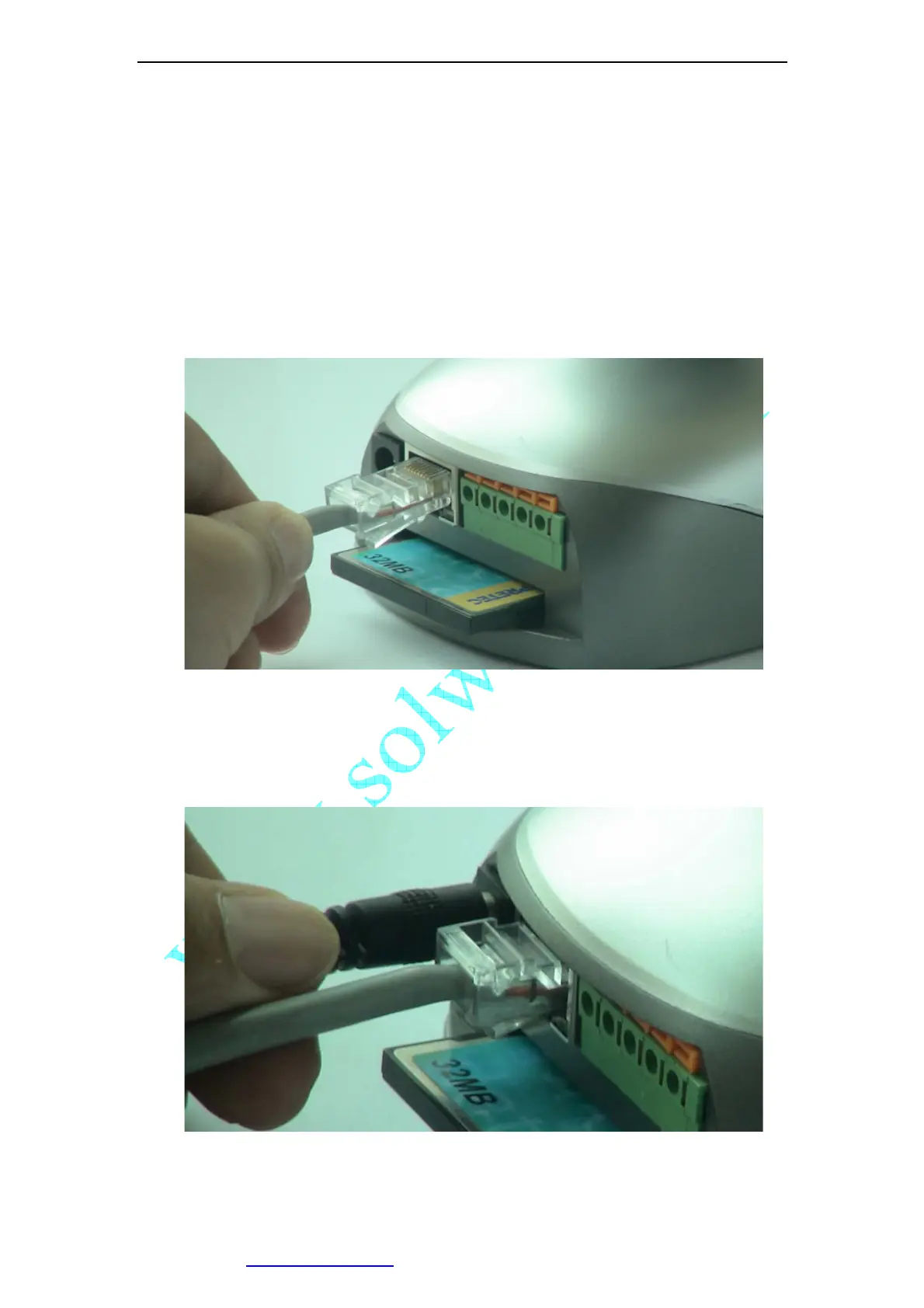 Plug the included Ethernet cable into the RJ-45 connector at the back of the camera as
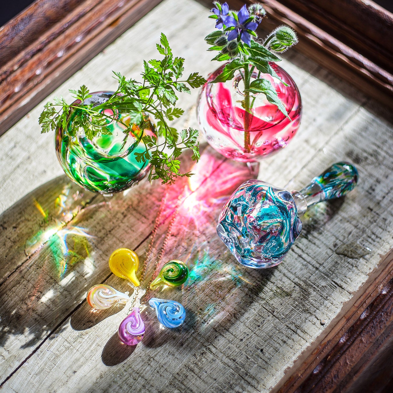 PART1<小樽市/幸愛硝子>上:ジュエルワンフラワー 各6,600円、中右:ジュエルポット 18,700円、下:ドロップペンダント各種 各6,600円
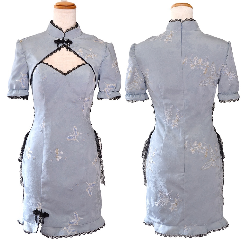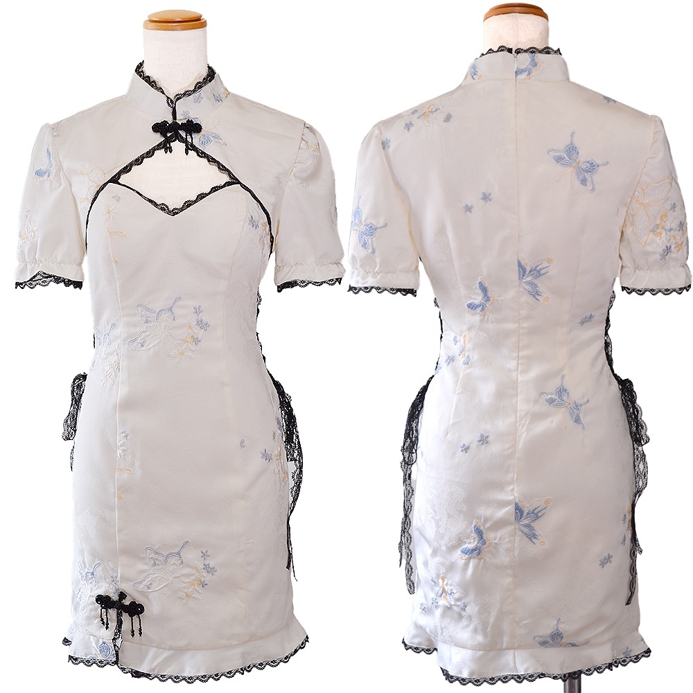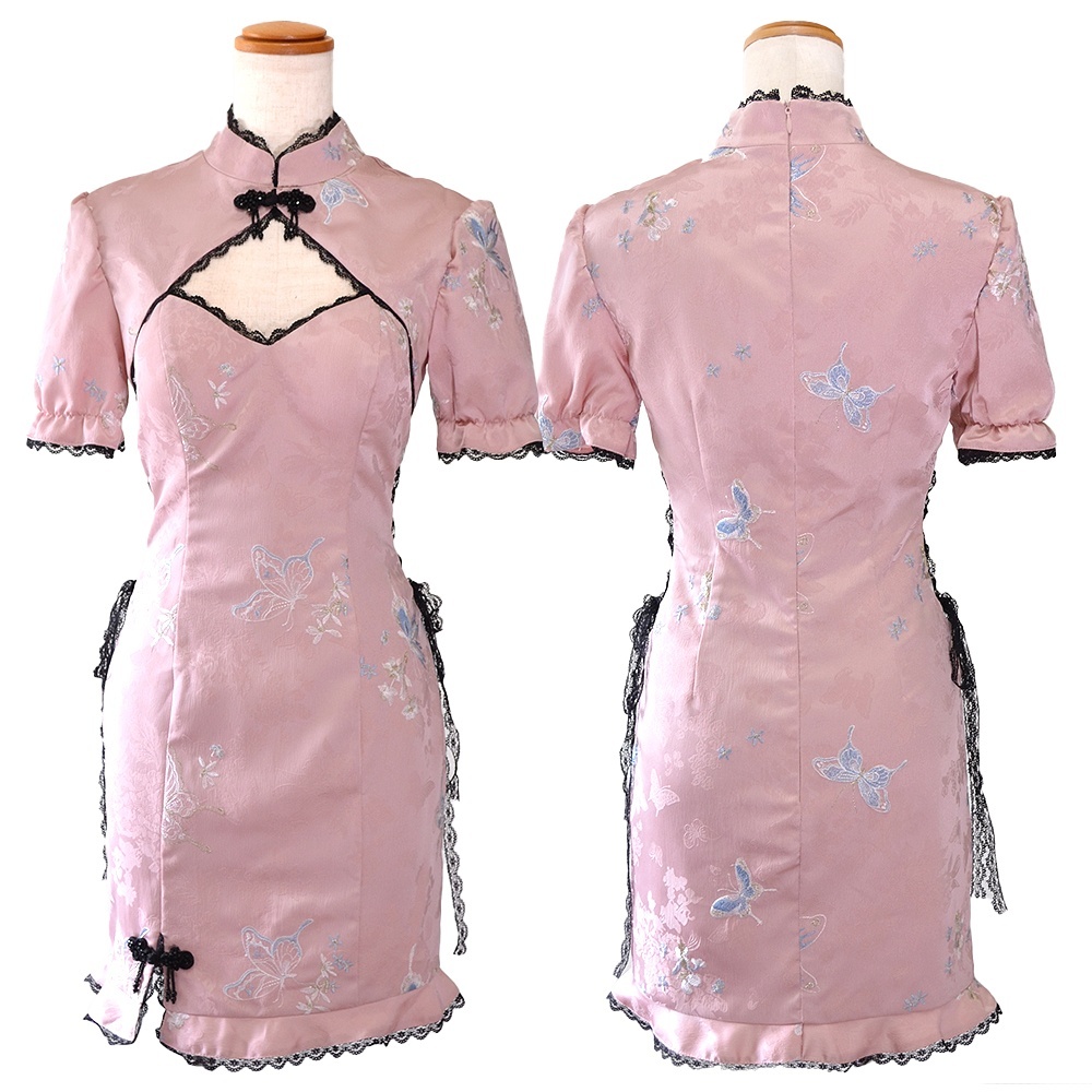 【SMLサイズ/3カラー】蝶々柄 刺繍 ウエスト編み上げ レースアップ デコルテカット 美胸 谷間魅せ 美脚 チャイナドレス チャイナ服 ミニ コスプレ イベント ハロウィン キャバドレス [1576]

┄┄┄┄┄┄┄┄┄┄┄┄┄┄┄┄┄┄┄┄

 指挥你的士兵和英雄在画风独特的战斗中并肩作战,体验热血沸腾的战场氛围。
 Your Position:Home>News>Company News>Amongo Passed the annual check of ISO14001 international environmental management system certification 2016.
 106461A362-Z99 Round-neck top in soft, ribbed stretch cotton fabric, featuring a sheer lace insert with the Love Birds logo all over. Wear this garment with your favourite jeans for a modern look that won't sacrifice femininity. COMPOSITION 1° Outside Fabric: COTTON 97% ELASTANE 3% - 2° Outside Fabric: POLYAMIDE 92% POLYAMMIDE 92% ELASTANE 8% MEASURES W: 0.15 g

┄┄┄┄┄┄┄┄┄┄┄┄┄┄┄┄┄┄┄┄

Print exactly the lines above that run from the one with "Plug the included" down to the one with "ハロウィン キャバドレス [1576]", and omit the pictures.

 Plug the included Ethernet cable into the RJ-45 connector at the back of the camera as
 PART1<小樽市/幸愛硝子>上:ジュエルワンフラワー 各6,600円、中右:ジュエルポット 18,700円、下:ドロップペンダント各種 各6,600円
 【SMLサイズ/3カラー】蝶々柄 刺繍 ウエスト編み上げ レースアップ デコルテカット 美胸 谷間魅せ 美脚 チャイナドレス チャイナ服 ミニ コスプレ イベント ハロウィン キャバドレス [1576]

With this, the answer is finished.